# TASK GOAL:
Would you retype exactly the lines below, starting with the one that has "Boulder Lobbyists on Capitol Hill" and going on through the one that has "Fig. 8. The obelisk on the Kaim hill", with no pictures and nothing else?

*** SOURCE INFORMATION

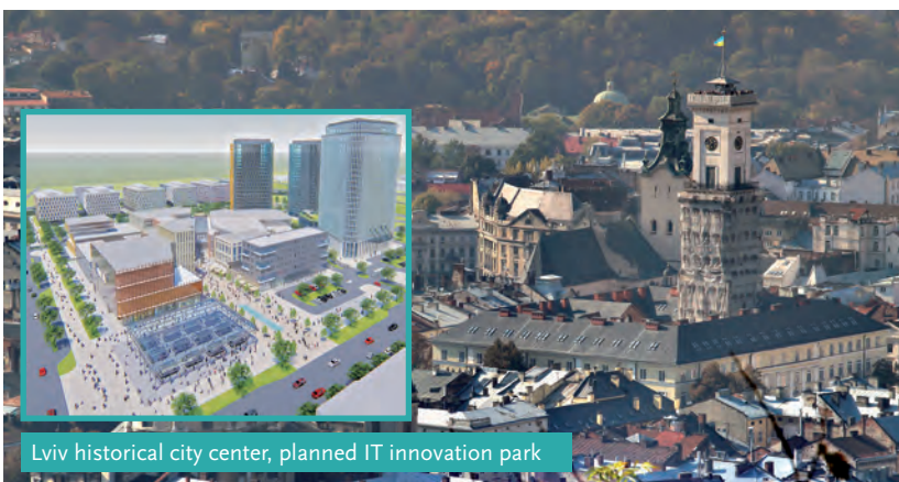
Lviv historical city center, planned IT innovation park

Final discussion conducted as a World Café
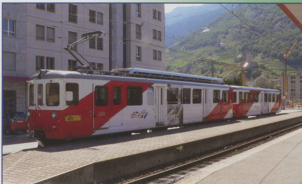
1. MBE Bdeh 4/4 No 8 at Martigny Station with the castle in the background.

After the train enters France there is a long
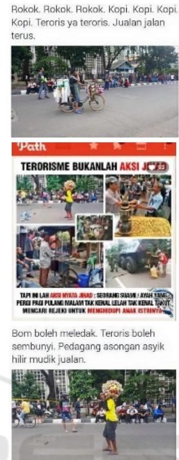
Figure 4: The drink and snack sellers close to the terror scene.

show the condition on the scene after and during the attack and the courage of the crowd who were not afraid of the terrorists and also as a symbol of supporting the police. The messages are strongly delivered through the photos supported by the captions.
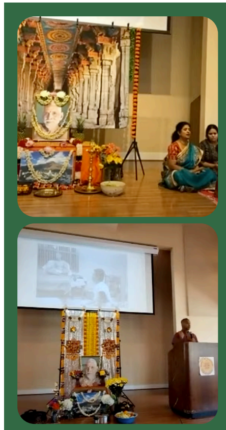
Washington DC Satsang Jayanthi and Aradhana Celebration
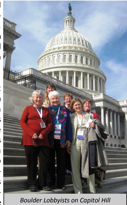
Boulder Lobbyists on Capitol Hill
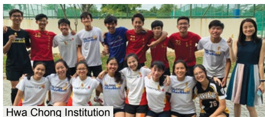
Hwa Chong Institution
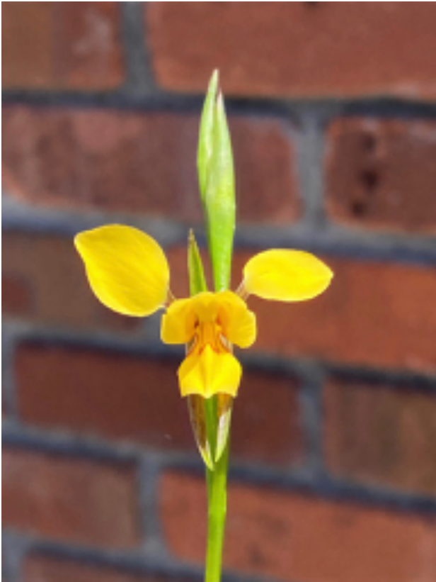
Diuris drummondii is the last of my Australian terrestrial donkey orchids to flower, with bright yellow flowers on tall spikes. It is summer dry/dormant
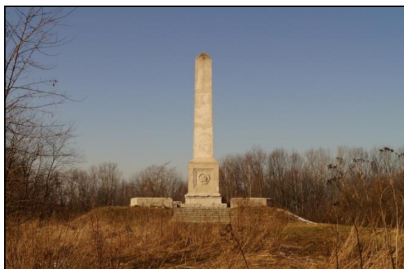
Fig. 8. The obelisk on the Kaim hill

******
*** SOURCE INFORMATION

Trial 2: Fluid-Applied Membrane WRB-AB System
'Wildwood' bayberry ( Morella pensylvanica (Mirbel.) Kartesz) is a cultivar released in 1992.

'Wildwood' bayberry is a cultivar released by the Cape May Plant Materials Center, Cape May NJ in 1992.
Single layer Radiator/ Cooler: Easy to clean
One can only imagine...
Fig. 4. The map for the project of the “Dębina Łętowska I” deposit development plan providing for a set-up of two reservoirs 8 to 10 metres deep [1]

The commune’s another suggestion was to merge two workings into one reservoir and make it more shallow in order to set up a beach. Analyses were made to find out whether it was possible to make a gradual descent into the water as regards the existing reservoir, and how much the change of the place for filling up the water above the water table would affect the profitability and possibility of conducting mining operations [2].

******
*** SOURCE INFORMATION

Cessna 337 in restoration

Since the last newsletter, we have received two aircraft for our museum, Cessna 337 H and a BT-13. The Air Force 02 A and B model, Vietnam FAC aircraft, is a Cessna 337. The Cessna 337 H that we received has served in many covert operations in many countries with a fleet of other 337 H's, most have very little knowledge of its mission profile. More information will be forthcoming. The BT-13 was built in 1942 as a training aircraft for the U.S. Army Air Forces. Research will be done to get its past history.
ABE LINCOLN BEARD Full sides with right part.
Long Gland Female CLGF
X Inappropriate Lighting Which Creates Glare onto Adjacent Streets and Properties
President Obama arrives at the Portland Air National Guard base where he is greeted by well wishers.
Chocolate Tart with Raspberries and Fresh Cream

******

# TASK ANSWER:
Boulder Lobbyists on Capitol Hill
Hwa Chong Institution
Diuris drummondii is the last of my Australian terrestrial donkey orchids to flower, with bright yellow flowers on tall spikes. It is summer dry/dormant
Fig. 8. The obelisk on the Kaim hill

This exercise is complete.